# Divorce Final last month...moving on



## aston (Oct 24, 2011)

Sad but I've graduated to the Life after Divorce section. I haven't posted in a while, lots going on.
Settled into my new place, making plans to build a house next year and I suddently feel much more grounded.
In a very strange way she seems to respect me more now that we are divorced. That really baffles me!
Where did all the sudden respect come from? She calls to check in, asks if I have time, apologizes for bothering me, I always have the kids whenever I'm free, she even calls to ask questions about the most random things.
I really don't understand it!


----------



## lamaga (May 8, 2012)

Ah, it's one of the mysteries of life.

Glad to hear that you are doing so well!


----------



## keko (Mar 21, 2012)

Was cheating involved in this divorce?


----------



## lamaga (May 8, 2012)

Keko, what difference does it make at this point? Are you just longing to rub salt into the wound?


----------



## keko (Mar 21, 2012)

lamaga said:


> Keko, what difference does it make at this point? Are you just longing to rub salt into the wound?

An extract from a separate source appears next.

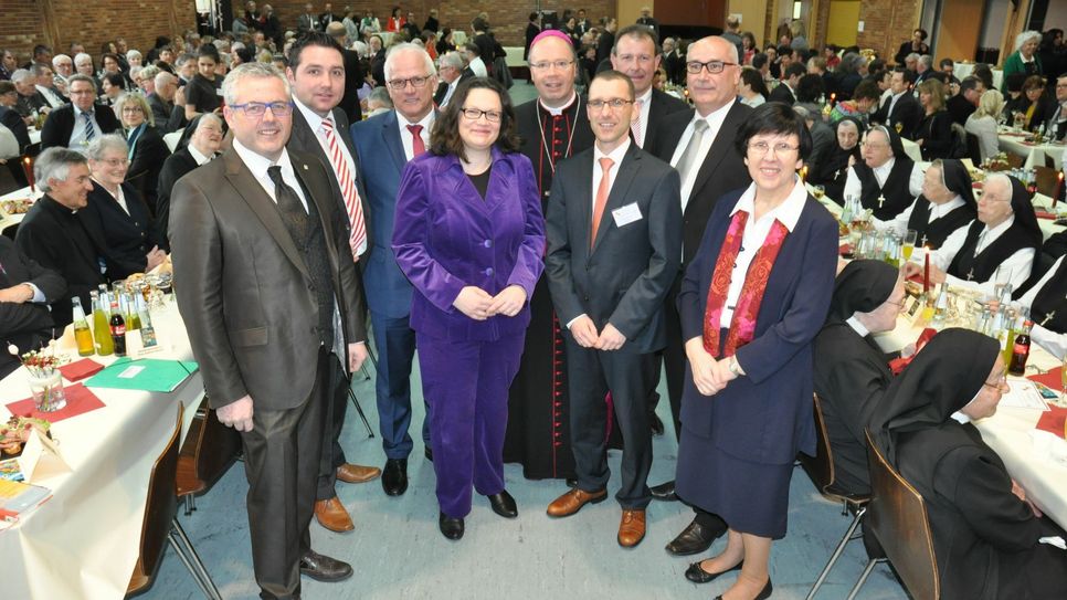 Das Bildungs- und Pflegeheim St. Martin ist eine Einrichtung der Ordensgemeinschaft "Kreuzschwestern von Straßburg", die im Jahr 2000 die "St. Hildegardishaus gGmbH, Jugend- und Behindertenhilfe, Düngenheim" als Träger für ihre sozialen Einrichtungen und Dienste gegründet haben. Schwerpunktaufgaben sind die Jugend- und Altenhilfe sowie die Hilfe für Menschen mit Beeinträchtigungen und jüngst auch die Flüchtlingshilfe. Mit mehr als 900 Beschäftigten - unter anderem an den Standorten Düngenheim und Ulmen - ist St. Martin auch einer der größten Arbeitgeber der Region. Zur Einrichtung gehört auch die Kaisersescher Kindertagesstätte "Haus für Kind und Familie", deren Kinder mit einem Lied und einem Tanz ein Ziel der Einrichtung - die Inklusion - mit zwei Worten auf den Punkt brachten: "Miteinander leben". Eine Beschreibung, die Bundesarbeitsministerin Andrea Nahles in ihrer Festansprache ebenfalls aufgriff. "Was wäre die UN-Behindertenrechtskonvention, ohne dass sie vor Ort gelebt wird - ein Stück Papier", so Nahles, die auch persönliche Beziehungen zur Einrichtung in ihre Festrede einbrachte - der Bruder ihrer Oma hat in St. Martin gearbeitet. Für sie ist das Engagement im Haus "segensreich", aber auch darüber hinaus: "Sozial im Glauben und offen für die Mitmenschen", sei St. Martin in Düngenheim. Foto: Pauly www.stmartin-dku.de

No, if it was it would make sense "the grass wasn't greener on the other side" so she's fishing to get back in.


----------



## aston (Oct 24, 2011)

yes cheating was involved which brings me to another issue. When women cheat they always find a way to rationalize it by blaming the guy for not being emotionally available or some other excuse. But if it's the man cheating we are simply labeled as*holes. She gave every reason to justify......and was gung ho about the divorce. Well I gave her the house (she's the mother of my children after all and her well being is in teh interest of the children) plus a generous child support plan. All by choice and not court ordered (she would have gotten a crappy deal through court).
Now she's super nice? it completely astounds me!!!

THere was also the boundary issues with her family etc but thats a whole other basket of balls on it's own.

I feel relieved more than anything......no more what if's or why's and whens. Just clarity.


----------



## lamaga (May 8, 2012)

Aston, relieved and clarity are good. Very very good.

Go with that.


----------



## keko (Mar 21, 2012)

Just ignore her when she brags about random things. Keep it strictly text/email regarding only the kids and finances. 

I think the less you expose yourself to her, the faster you can heal and move on.

I also agree on the male/female affair having different excuse's.


----------